We'll do the simulation at normal incidence, and simulate the properties of a single rod for reference,

## incidence: along z
Incidence = [SVector(0,0,0)]

disp1 = spectrum_dispersion(cl0, mat, Incidence)
disp2 = spectrum_dispersion(cl1, mat, Incidence)

d1 = dispersion_df(disp1, mat.wavelengths)
d2 = dispersion_df(disp2, mat.wavelengths)

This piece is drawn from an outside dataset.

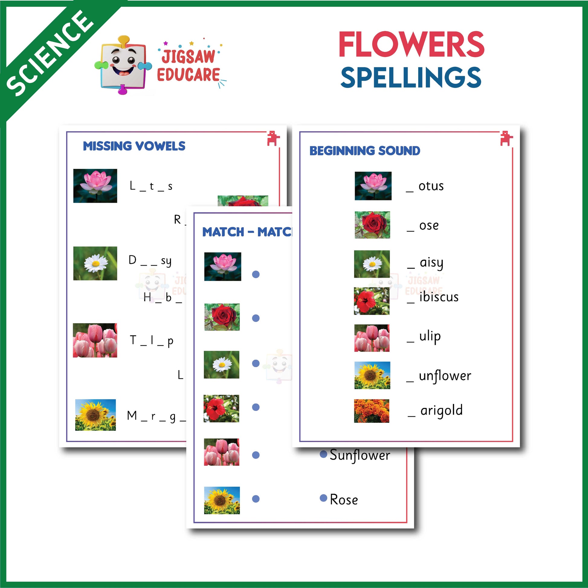 This 3-sheet worksheet pack helps kids master the spelling of common flowers through engaging activities:

d = [insertcols!(d1, :cluster => "single");
     insertcols!(d2, :cluster => "array")]

 @vlplot(data=d,
 width= 400,
 height =  300,
     mark = {:line},
     row = "crosstype",
     resolve={scale={y="independent"}},
     encoding = {x = "wavelength:q", y = "value:q", color = "variable:n", strokeDash="cluster:n"}
 )

Note that scattering cross-sections are terribly inaccurate here; because of the large size of the cluster the numerical quadrature would require a large number of scattering angles. It would be preferable to evaluate scattering as the difference between extinction and absorption.